Интересно, зачем это вдруг милиционера понесло в частный дом посреди дня. То ли кто‑то из соседей все же заметил подозрительного кавказца, крутящегося вокруг – хотя Малик старался остаться незаметным. То ли для милиционера это было обычным делом – заглядывать в этот дом.
А что может заставить милиционера постоянно присматривать за каким‑то частным домом, за какой‑то конкретной семьей? Если за ними водилось что‑то криминальное. Скажем, гнали самогон. Торговали наркотиками. Скупали краденое. Милиционер, видимо участковый, периодически заглядывает в этот дом и однажды видит...
Алексей вдруг сообразил, что уже не стоит напротив свалки, а медленно идет в сторону монолитных домов, где за высокой чугунной решеткой дворник вел безнадежную борьбу с лужами, судорожно дергая метлой и с ненавистью поглядывая на хмурое небо. А оно совершенно определенно готовилось к новой серьезной пакости.

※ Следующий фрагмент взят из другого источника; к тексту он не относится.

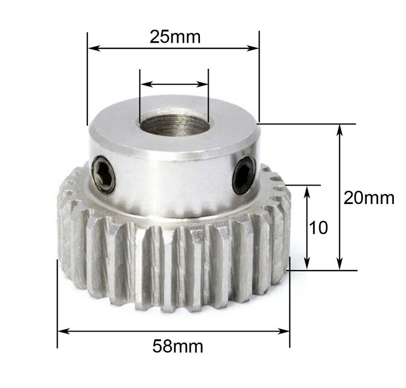 Module 1, 56 teeth, 58mm diameter, 12mm hole, 1045 steel spur gear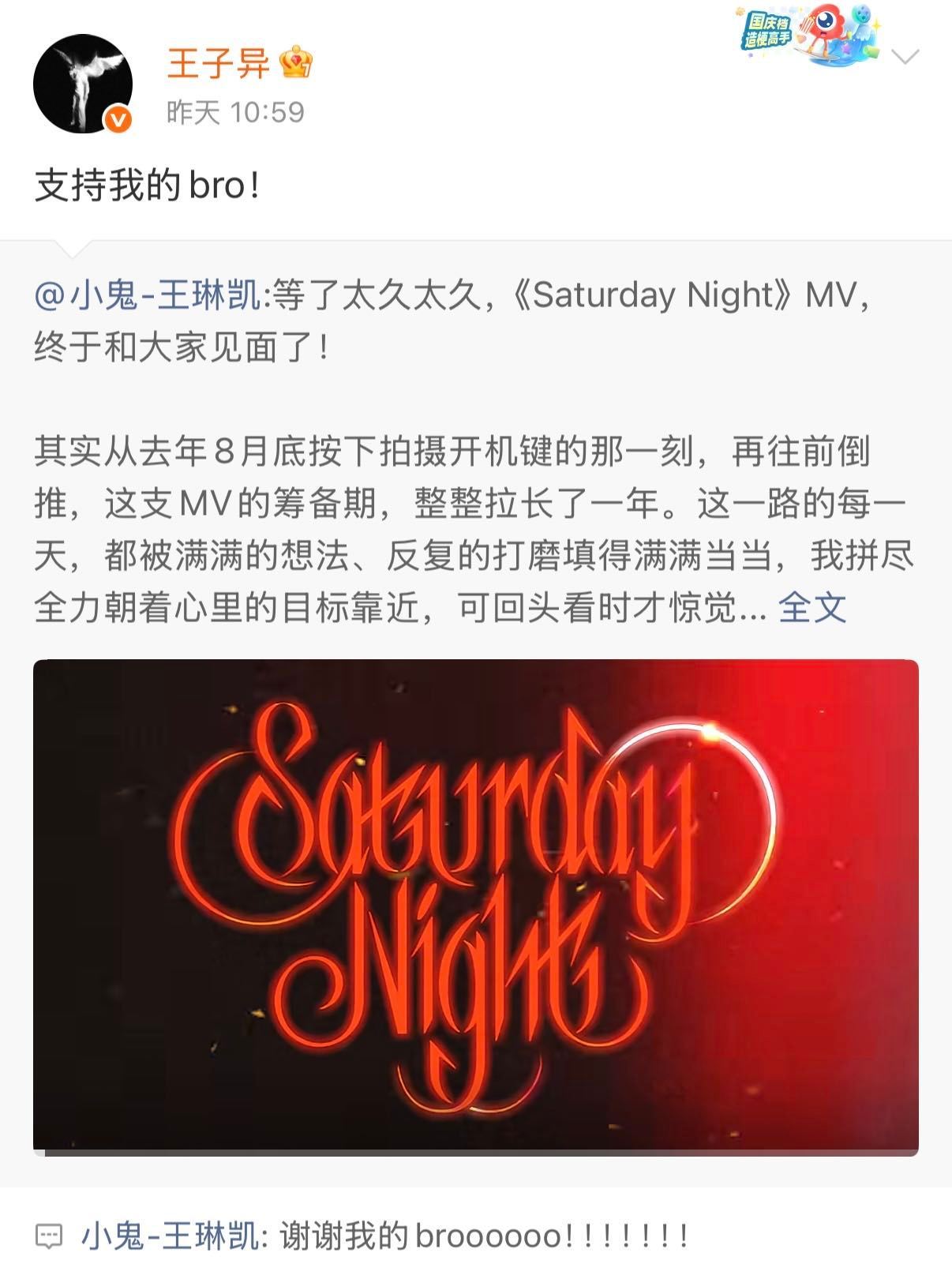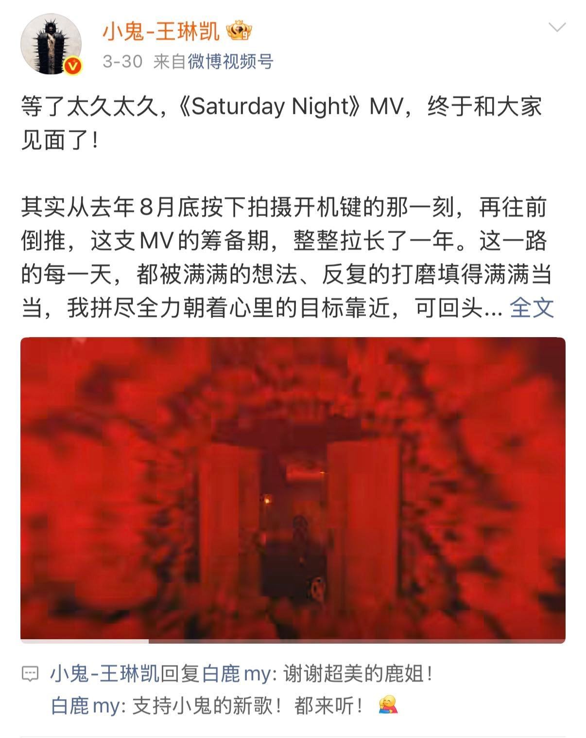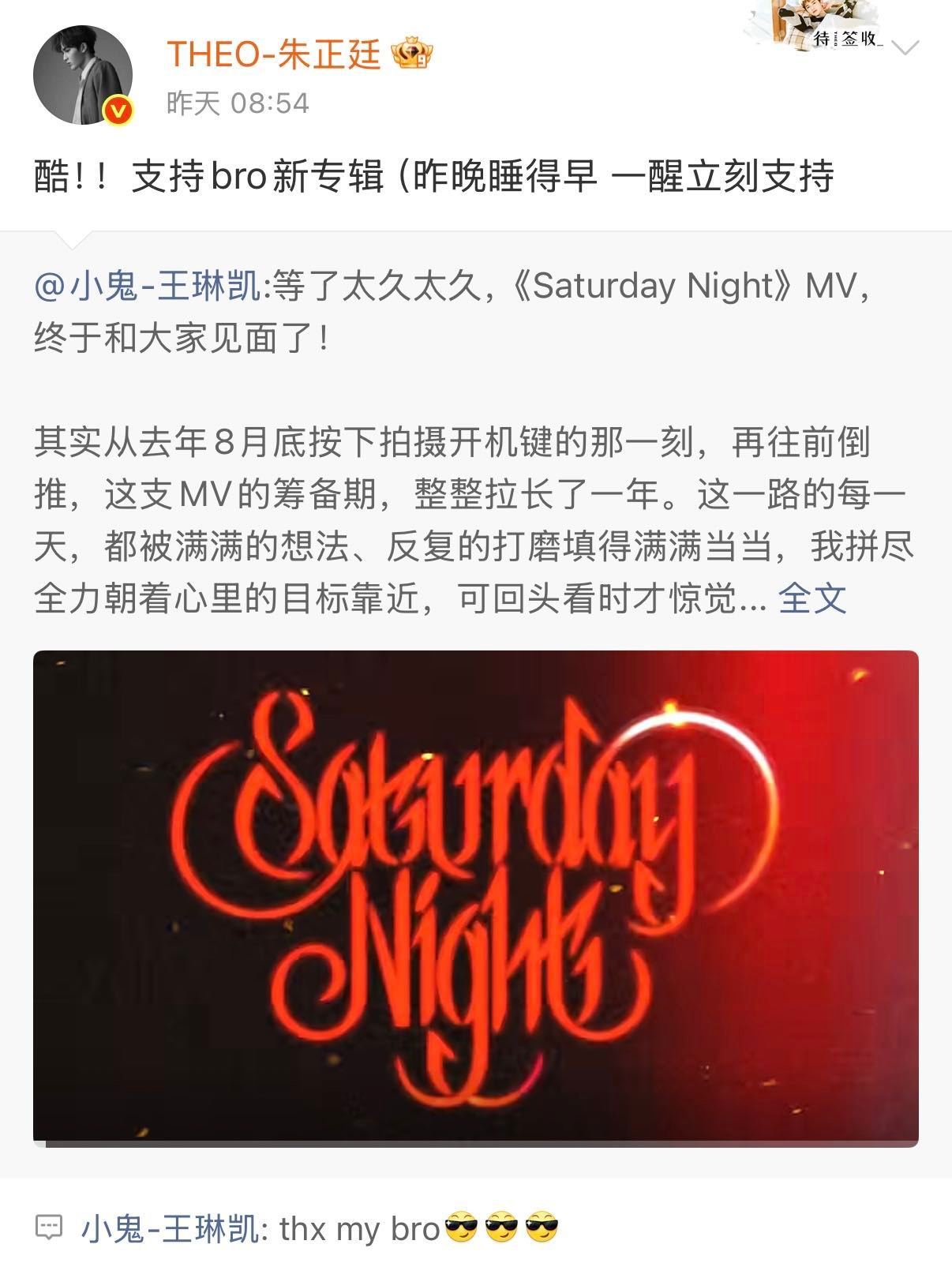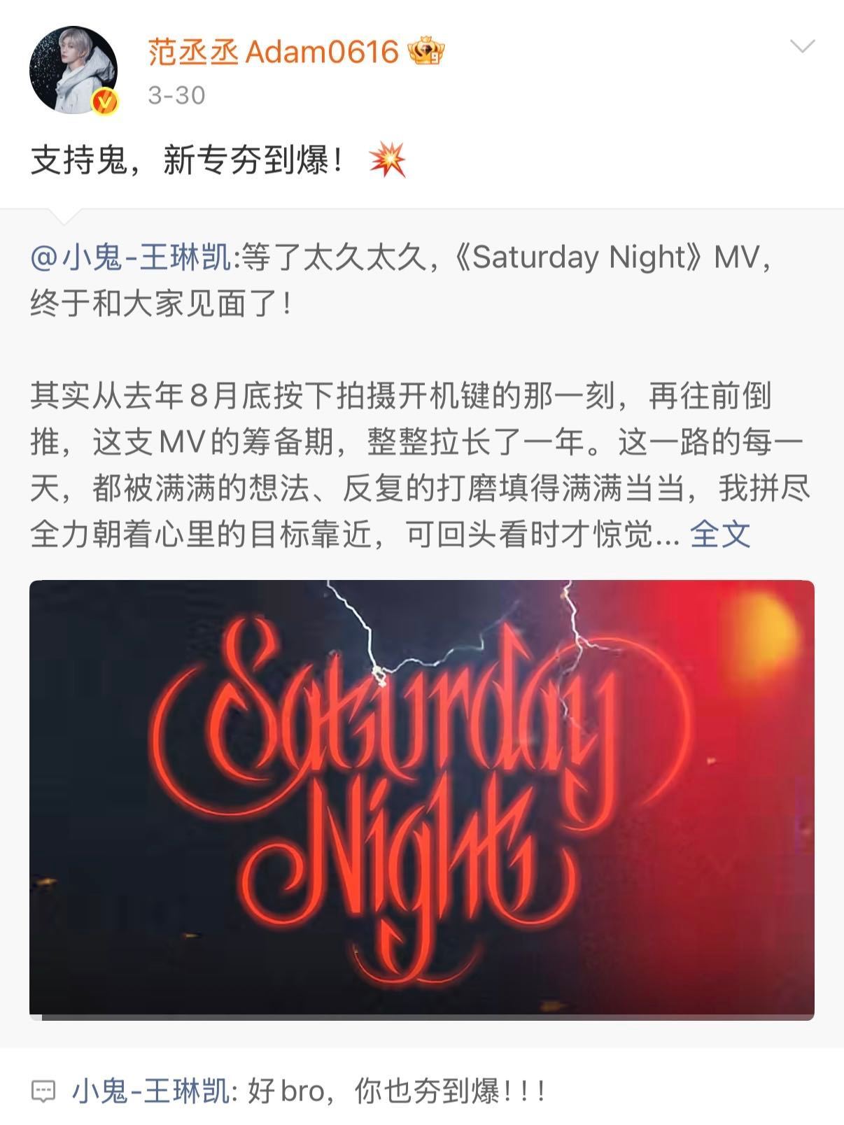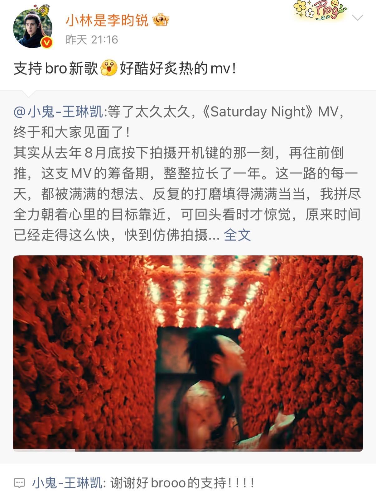小鬼人脉谁懂啊!小鬼新MV《Saturday Night》一上线,内娱半个好友圈都来打call了!白鹿、宋佳、李昀锐、黄子弘凡、王安宇、王子异、朱正廷、范丞丞、黄明昊、陈立农等 集体转发或评论,这人缘太好了!

"Значит, милиционер и причины, заставившие его зайти в дом. Хорошо, но мало. Участковых милиционеров в городе не один десяток, и тоже нет никакой гарантии, что именно этот никуда не уехал, не погиб...
Но начали мы не с этого, начали мы с глубокой мысли Дюка: то, что мы видим, и то, что есть... Ну и так далее. Применительно к нашей ситуации получается вот что. Я иду по городу и не просто вижу одни дома, другие дома, третьи дома. На самом деле я должен видеть другое, я должен видеть следы нашей девочки".
Он так и подумал – «нашей девочки». И не обратил на это внимания.
А это уже был симптом. Алексей принял свое задание близко если не к сердцу, то к разуму. Он вцепился в задание.
Дюк бы порадовался, если в знал. Но у Дюка в это время были другие заботы.
3
Примерно в это же время Бондарев решил, что с него хватит. Он из последних сил растянул губы, даря признательную улыбку сотруднице ЗАГСа, которая сидела за столом напротив – в прозрачной белой блузке. Если бы Бондарева интересовало, какую модель бюстгальтера эта достойная дама предпочитает, то сегодня его интерес мог быть легко удовлетворен. Но Бондарева женское белье таких размеров не очень интересовало, к тому же флирт на работе всегда казался ему рискованным занятием.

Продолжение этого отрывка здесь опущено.